__PROVIDED MATERIAL__
▼

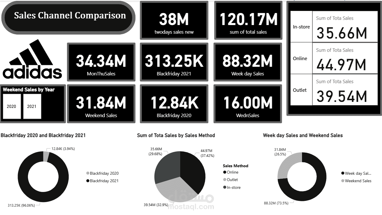 تتبع القنوات والاتجاهات: مقارنة دقيقة بين أداء قنوات البيع (Online, In-store, Outlet) مع إبراز تفوق المبيعات عبر الإنترنت. بالإضافة إلى تتبع الاتجاهات الزمنية وتحديد مواسم الذروة (مثل أداء Black Friday 2021).
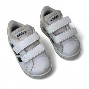 Addidas Toddler Grand Court 2.0 Adjustable Strap Sneakers Size 5 White w Black
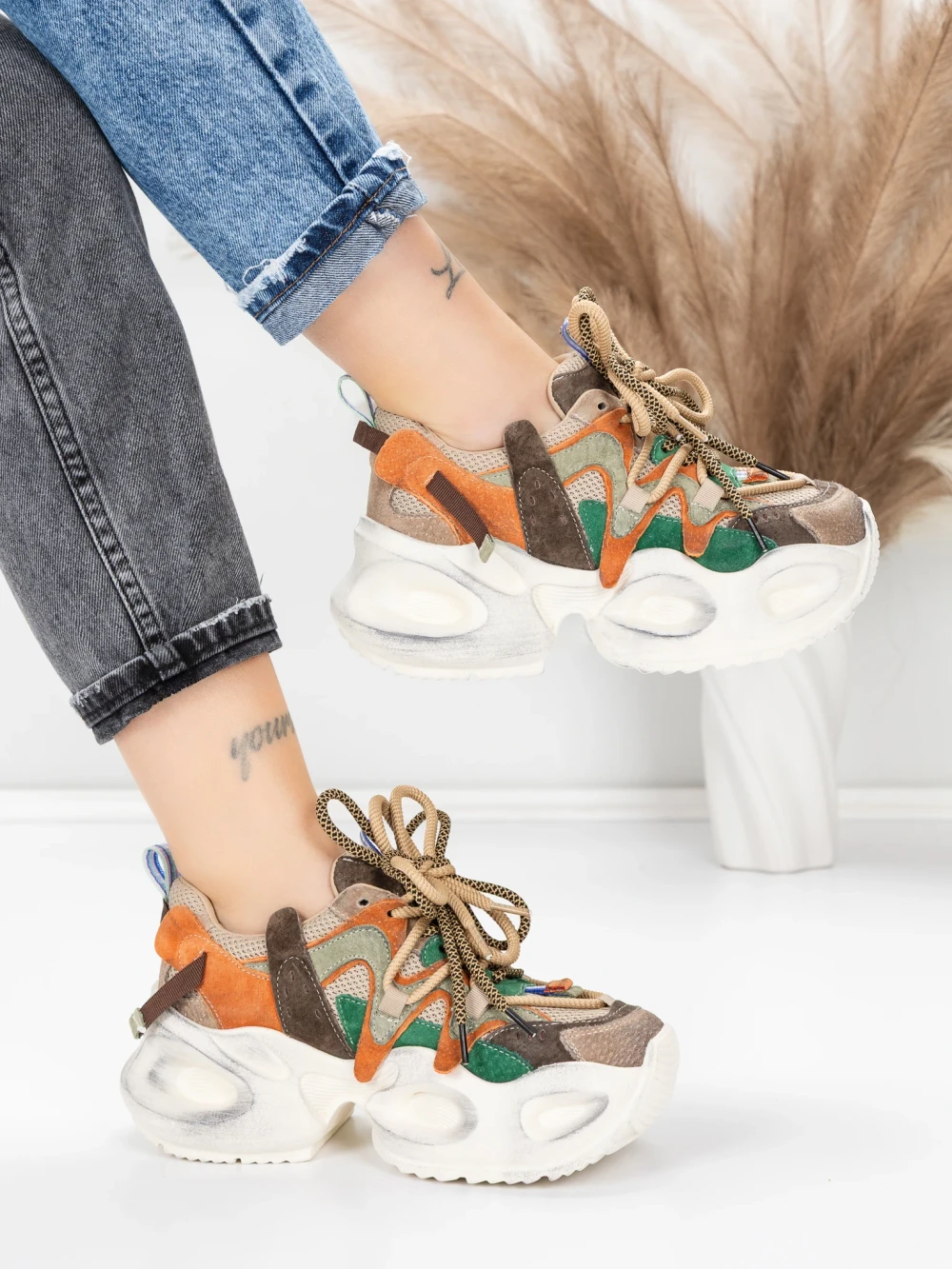 V MeiMall lahko najdete Ženski športni copati iz naravnega usnja HY8988-1 Rjava-Zelena | Franco Gerardo. Živahna barva Rjava-Zelena, skupaj s kakovostnimi materiali in modernim dizajnom, vas bo navdušila! MeiMall je spletna trgovina, ki ponuja široko paleto izdelkov za ženske, moške in otroke. Tukaj lahko najdete čevlje, oblačila, torbe in dodatke. Dostava je hitra, rok vračila pa 14 dni.

▲

__WHAT THIS TASK INVOLVES__
Retype all the data exactly, please, without pictures.

__SOLUTION TO THIS TASK__
 تتبع القنوات والاتجاهات: مقارنة دقيقة بين أداء قنوات البيع (Online, In-store, Outlet) مع إبراز تفوق المبيعات عبر الإنترنت. بالإضافة إلى تتبع الاتجاهات الزمنية وتحديد مواسم الذروة (مثل أداء Black Friday 2021).
 Addidas Toddler Grand Court 2.0 Adjustable Strap Sneakers Size 5 White w Black
 V MeiMall lahko najdete Ženski športni copati iz naravnega usnja HY8988-1 Rjava-Zelena | Franco Gerardo. Živahna barva Rjava-Zelena, skupaj s kakovostnimi materiali in modernim dizajnom, vas bo navdušila! MeiMall je spletna trgovina, ki ponuja široko paleto izdelkov za ženske, moške in otroke. Tukaj lahko najdete čevlje, oblačila, torbe in dodatke. Dostava je hitra, rok vračila pa 14 dni.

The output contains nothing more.